With a Drug Czar like John
Walters, Who Needs Osama?
Mike Males, c Youth Today,
June 2004
Nothing enrages Office of National Drug Control
Policy zealots--especially its current director, John Walters--like a teenager
who smokes marijuana and doesn’t suffer.
Unfortunately for Walters, teens who smoke pot
moderately and don’t flunk out, disown parents, become heroin junkies, and
overdose behind dumpsters comprise the vast majority of youthful drug users. Of
the 100 million Americans who first tried marijuana as adolescents, 97
million-plus never gatewayed into dope fiends--or even regular pot smokers.

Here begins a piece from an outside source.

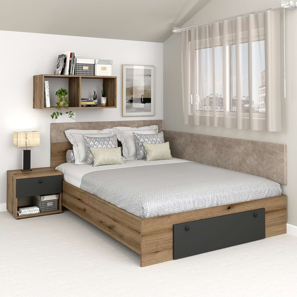 Patul colt AMBRO, 160x200cm cu sertar frontal si suport saltea FORTE inclus, realizat din Stejar si Antracit adauga un plus de estetica si functionalitate oricarei camere.Exclusiv Tamos! Pret de producator, livrare rapida si Gratuita! Caracteristici si avantajeMobilier kit, se livreaza demontat, ambalat in cutii de carton. Kitul contine schita montaj, feronerie, certificat garantie si conformitate.Montajul sertarului se poate face pe orice parte a patului.Suport saltea FORTE inclus. Suportul de saltea este realizat din suport susutinere metalic si elemente de PAL asezate la o distanta de aerisire de 3 cm.Suport de Saltea FORTE:Aerisire Optimizata – Elementele din PAL sunt asezate la o distanta de aerisire de 3 cm, asigurand o ventilare corespunzatoare atat a patului, cat si a saltelei. Aceasta caracteristica este esentiala pentru mentinerea unui mediu sanatos de somn, prevenind acumularea de umiditate si mucegaiRezistenta si Durabilitate la un pret exceptional – suportul de saltea FORTE este compus dintr-un lonjeron metalic robust si elemente din PAL dispuse strategic pentru a oferi o rezistenta superioara. Structura metalica asigura stabilitatea patului, eliminand riscul de deformare in timp, ceea ce se traduce intr-o durata de viata semnificativ imbunatatita.Lipsa Zgomotului – Construcția bine gandita a acestui sistem elimina orice scartait sau sunet deranjant, oferind un somn linistit si confortabil in fiecare noapte. Lonjeronul metalic este solid prins pe structura patului si se sprijina pe pardoseala pe doua picioare reglabile cu talpa PVC. Dimensiuni pat AMBROPat AMBRO 160x200cmDimensiuni interioare: 161x201cmDimensiuni exterioare: 164x205cmInaltime tablie mare: 89cmInaltime cadru pat: 37cmPlaca tapitata H = 36cm MaterialePAL dublu melaminat 16mm Stejar, AntracitCant ABS 1 mm (carcasa) Garantie producator 24 luni Transport GRATUIT in toata tara*NOTA* Imaginile afisate sunt doar pentru scopuri ilustrative. Dimensiunile reale ale produsului pot diferi usor fata de cele prezentate. De asemenea, culorile pot varia in functie de setarile dispozitivului dvs. Va rugam sa verificati specificatiile produsului pentru detalii exacte,*Noptierele, dulapul suspendat, salteaua de pat, lenjeria si celelalte acesorii din imagine nu sunt incluse in pret….

Since most teenage marijuana users aren’t hurting
themselves, ONDCP’s obsession is finding ways for government to harm them--by
arrest, school expulsion, college loan bans, needless addiction treatment, ads
branding them baby killers and terrorist accomplices... and now, mandatory drug
testing.
ONDCP’s School Drug Testing Summit in Fresno,
California, in March--which permitted only advocates of student drug-testing to
speak--conjured images of hordes of pupils self-destructing on drugs. Ignored
were federal reports show low rates of teenage deaths, crime, and hospital
emergency treatments caused by illicit-drug abuse.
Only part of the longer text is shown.